Depuis quelques mois, quatre sénateurs UMP renouvelables en 2011 ont quitté le Sénat. Michel Thiollière a été le premier à partir, à destination de la Commission de régulation de l'énergie, autorité administrative indépendante. Le mouvement s'est accéléré depuis un mois, avec la nomination de Christian Gaudin comme administrateur des terres australes, le départ d'Alain Lambert à la Cour des Comptes. Et voilà maintenant que Jean-Claude Etienne, sénateur de la Marne, rejoint le conseil économique et social. Tous étaient renouvelables en 2011 et n'auraient sans doute eu aucun mal à être réélus (sauf peut-être Michel Thiollière). On peut y ajouter le départ du député Pierre Cardo parti présider la nouvelle autorité de régulation du ferroviaire. Je ne sais pas trop comment analyser cela, mais il est clair qu'il se passe quelque chose.

Il semble que tous ces parlementaires aient ressenti une lassitude dans l'exercice de leurs mandats parlementaires, et/ou un sentiment d'impuissance et d'inutilité. Ils ont eu envie de réorienter leurs carrières, pendant qu'ils en avaient encore l'âge (au moins pour Thiollière, Lambert, Gaudin et Cardo). Si cela se confirme, c'est une évolution que je considère comme très positive, car j'estime qu'au bout d'un certain temps, les élus n'apportent plus rien. Tout élan, tout dynamisme s'essouffle, et une rotation aux places électives ne peut être que bonne pour la démocratie. Il y a beaucoup trop de "has been" qui encombrent les bancs du Parlement, qui ne bossent plus, mais comme ils sont sortants et habiles à flinguer les successeurs potentiels, ils sont réélus.

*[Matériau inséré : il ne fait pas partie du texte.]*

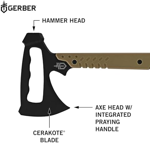 Gerber Gear Downrange Tactical Tomahawk Survival Multitool, Made in USA Camping Axe with Hammer Head and Steel Pry Bar, Includes Sheath with Integrated Molle Straps

Certains ont protesté quand Christian Gaudin a été nommé chez les manchots, car il a un statut de préfet. C'est un peu surfait car si effectivement il est formellement dans le corps des préfets, administrateur des terres australes et antarctiques, cela n'a pas grand chose à voir avec un poste préfectoral en métropole ou dans un DOM. Les autres sont partis vers des fonctions de contrôle et de régulation. Que d'anciens parlementaires, encore dynamiques, mettent leur expérience au service de leur concitoyens dans ce genre d'activités, je considère que c'est une très bonne chose. Et contrairement à nombre de hauts fonctionnaires, leurs opinions politiques sont connues et assumées. On sait à qui on a affaire. Je n'ai jamais cru au mythe d'une haute fonction publique apolitique. Ils sont tous passés (ou presque) par des cabinets ministériels...

Je crois d'autant moins au risque de politisation que ce sont des personnes en fin de carrière, qui n'attendent plus rien. Pour des activités de contrôle et de régulation, c'est absolument indispensable. Il faudrait continuer dans cette voie, et l'ouvrir davantage encore, notamment aux élus d'opposition, qui seraient certainement beaucoup plus utiles et heureux dans une autorité de contrôle avec des vrais moyens, qu'à s'égosiller inutilement dans les travées d'un hémicycle.